Spectrum for Clarinet
16 contemporary pieces, compiled by Ian Mitchell, mit CD
Es ist erfreulich, dass sich die Bedeutung und Vermittlung der zeitgenössischen Musik im Instrumentalunterricht in einer Reihe von Neuerscheinungen niederschlägt. Für die Klarinette liegen nunmehr zwei wichtige Materialien vor. Kürzlich erschien als Einführung in die neuen Spieltechniken mit einigen Übungsstücken Clarinet update von Stump/Linshalm. Jetzt liegt in der Reihe Spectrum, die von der englischen Dachorganisation der Musikschulen ABRSM herausgegeben wird, eine Sammlung von kurzen Kompositionen aus dem englischsprachigen Raum vor.
In dieser Reihe werden zeitgenössische Kompositionen für jeweils ein Instrument – gegebenenfalls mit Klavierbegleitung – zusammengestellt, die unterschiedlichen technischen Anforderungen genügen sollen. Für den sechsten Band der Reihe, es liegen bereits vier Bände für Klavier und ein Band für Violoncello vor, hat der englische Klarinettist Ian Mitchell sechzehn Kompositionen ausgewählt.
Die meisten Stücke werden vom Klavier begleitet und haben eine Länge von ein bis drei Minuten. Sie tragen häufig programmatische Titel, die das Verständnis der Kompositionen erleichtern. Entsprechend der progressiven Anordnung werden auch zunehmend neuere Spieltechniken verwendet.
Peter Wiegold eröffnet das Heft mit Head of Steam, einer Dampfmaschinen-Imitation unter Einsatz von Stimme, Klappenklängen, Atemgeräuschen und stampfenden Klavierakkorden. Dorothee Eberhardt steuert einen Pas de deux bei und geht dabei wie Wiegold nicht über b’ hinaus. Mit einem etwas erweiterten Tonraum arbeiten Joe Duddell in Leave this City und das von lateinamerikanischen Rhythmen geprägte Skip von Errollyn Wallen sowie Song of the Night Sky von Nicola LeFanu. Gavin Bryars Some Time before Dawn, Robert Saxtons Song without Words, ein Duet von Richard Causton und Marsh Lanterns von Tony Coe sind lyrische Stücke, die noch mit traditioneller Spieltechnik auskommen.

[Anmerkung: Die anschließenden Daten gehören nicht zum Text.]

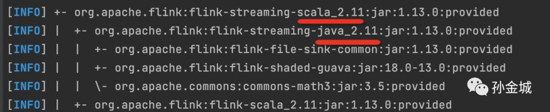 [INFO] org.apache.flink:flink-streaming-java_2.11:jar:1.14-SNAPSHOT[INFO] +- org.apache.flink:flink-core:jar:1.14-SNAPSHOT:compile[INFO] | +- org.apache.flink:flink-annotations:jar:1.14-SNAPSHOT:compile[INFO] | +- org.apache.flink:flink-metrics-core:jar:1.14-SNAPSHOT:compile[INFO] | +- org.apache.flink:flink-shaded-asm-7:jar:7.1-13.0:compile[INFO] | +- org.apache.commons:commons-lang3:jar:3.3.2:compile[INFO] | +- com.esotericsoftware.kryo:kryo:jar:2.24.0:compile[INFO] | | \- com.esotericsoftware.minlog:minlog:jar:1.2:compile[INFO] | +- commons-collections:commons-collections:jar:3.2.2:compile[INFO] | \- org.apache.commons:commons-compress:jar:1.20:compile[INFO] +- org.apache.flink:flink-file-sink-common:jar:1.14-SNAPSHOT:compile[INFO] +- org.apache.flink:flink-runtime_2.11:jar:1.14-SNAPSHOT:compile[INFO] | +- org.apache.flink:flink-queryable-state-client-java:jar:1.14-SNAPSHOT:compile[INFO] | +- org.apache.flink:flink-hadoop-fs:jar:1.14-SNAPSHOT:compile[INFO] | +- commons-io:commons-io:jar:2.8.0:compile[INFO] | +- org.apache.flink:flink-shaded-netty:jar:4.1.49.Final-13.0:compile[INFO] | +- org.apache.flink:flink-shaded-jackson:jar:2.12.1-13.0:compile[INFO] | +- org.apache.flink:flink-shaded-zookeeper-3:jar:3.4.14-13.0:compile[INFO] | +- commons-cli:commons-cli:jar:1.3.1:compile[INFO] | +- org.javassist:javassist:jar:3.24.0-GA:compile[INFO] | +- org.scala-lang:scala-library:jar:2.11.12:compile[INFO] | +- com.typesafe.akka:akka-actor_2.11:jar:2.5.21:compile[INFO] | | +- com.typesafe:config:jar:1.3.0:compile[INFO] | | \- org.scala-lang.modules:scala-java8-compat_2.11:jar:0.7.0:compile[INFO] | +- com.typesafe.akka:akka-stream_2.11:jar:2.5.21:compile[INFO] | | +- org.reactivestreams:reactive-streams:jar:1.0.2:compile[INFO] | | \- com.typesafe:ssl-config-core_2.11:jar:0.3.7:compile[INFO] | | \- org.scala-lang.modules:scala-parser-combinators_2.11:jar:1.1.1:compile[INFO] | +- com.typesafe.akka:akka-protobuf_2.11:jar:2.5.21:compile[INFO] | +- com.typesafe.akka:akka-slf4j_2.11:jar:2.5.21:compile[INFO] | +- org.clapper:grizzled-slf4j_2.11:jar:1.3.2:compile[INFO] | +- com.github.scopt:scopt_2.11:jar:3.5.0:compile[INFO] | +- org.xerial.snappy:snappy-java:jar:1.1.8.3:compile[INFO] | \- org.lz4:lz4-java:jar:1.6.0:compile[INFO] +- org.apache.flink:flink-java:jar:1.14-SNAPSHOT:compile[INFO] +- org.apache.flink:flink-shaded-guava:jar:18.0-13.0:compile[INFO] +- org.apache.commons:commons-math3:jar:3.5:compile[INFO] +- org.apache.flink:flink-core:test-jar:tests:1.14-SNAPSHOT:test[INFO] +- org.apache.flink:flink-test-utils-junit:jar:1.14-SNAPSHOT:test[INFO] +- org.apache.flink:flink-runtime_2.11:test-jar:tests:1.14-SNAPSHOT:test[INFO] +- org.apache.flink:flink-shaded-force-shading:jar:13.0:compile[INFO] +- org.slf4j:slf4j-api:jar:1.7.15:compile[INFO] +- com.google.code.findbugs:jsr305:jar:1.3.9:compile[INFO] +- junit:junit:jar:4.13.2:test[INFO] | \- org.hamcrest:hamcrest-core:jar:1.3:test[INFO] +- org.mockito:mockito-core:jar:2.21.0:test[INFO] | +- net.bytebuddy:byte-buddy:jar:1.8.15:test[INFO] | +- net.bytebuddy:byte-buddy-agent:jar:1.8.15:test[INFO] | \- org.objenesis:objenesis:jar:2.1:compile[INFO] +- org.powermock:powermock-module-junit4:jar:2.0.4:test[INFO] | \- org.powermock:powermock-module-junit4-common:jar:2.0.4:test[INFO] | +- org.powermock:powermock-reflect:jar:2.0.4:test[INFO] | \- org.powermock:powermock-core:jar:2.0.4:test[INFO] +- org.powermock:powermock-api-mockito2:jar:2.0.4:test[INFO] | \- org.powermock:powermock-api-support:jar:2.0.4:test[INFO] +- org.hamcrest:hamcrest-all:jar:1.3:test[INFO] +- org.apache.logging.log4j:log4j-slf4j-impl:jar:2.14.1:test[INFO] +- org.apache.logging.log4j:log4j-api:jar:2.14.1:test[INFO] +- org.apache.logging.log4j:log4j-core:jar:2.14.1:test[INFO] \- org.apache.logging.log4j:log4j-1.2-api:jar:2.14.1:test[INFO] ------------------------------------------------------------------------[INFO] BUILD SUCCESS[INFO] ------------------------------------------------------------------------[INFO] Total time: 42.595 s[INFO] Finished at: 2021-06-26T08:57:22+08:00[INFO] ------------------------------------------------------------------------

Anspruchsvoller und musikalisch aussagekräftiger sind die Stücke für fortgeschrittene Mittelstufen-Schüler: Expressivität erfordert in hohem Maße Carnac des international renommierten Mark Anthony Turnage; sensibles Spiel und Multiphonics verlangt Anthony Gilbert in Litany. In Bells Music for St. Casimir von Sadie Harrison bestimmen zarte Glissandi die Melodik der Klarinette, der Klavierglockenklänge gegenübergestellt werden, während Philip Grange mit Tremolo-Effekten und den Tiefenregionen des Klaviers ein düsteres Bild Goyas nachzeichnet.
Eindrucksvoll sind die Solostücke Alone von Elena Firsova, Summer Fancy von William O. Smith und Bee Navigation von Libby Larsen, die mit Ausnahme von Firsovas Komposition zeitgenössische Spieltechniken erfordern.
Nur bei wenigen Stücken hat man etwas den Eindruck, dass es sich um „pädagogische“ Literatur handelt, die meisten überzeugen durch ihre Gestaltung und fordern die jungen SpielerInnen zu einer ernsthaften Auseinandersetzung heraus.
Das Ausführen der klavierbegleiteten Stücke von Gleichaltrigen wird allerdings nicht immer möglich sein, da der Klavierpart stets etwas höhere Anforderungen an das Spielvermögen stellt. Die stilistische Vielfalt und der steigende Schwierigkeitsgrad machen Spectrum for Clarinet zu einem nützlichen und Gewinn bringenden Begleitheft. Um sich einen guten Eindruck von den Stücken zu verschaffen, ist dem Heft eine CD beigefügt, auf der Ian Mitchell und Thalia Myers alle Stücke eingespielt haben.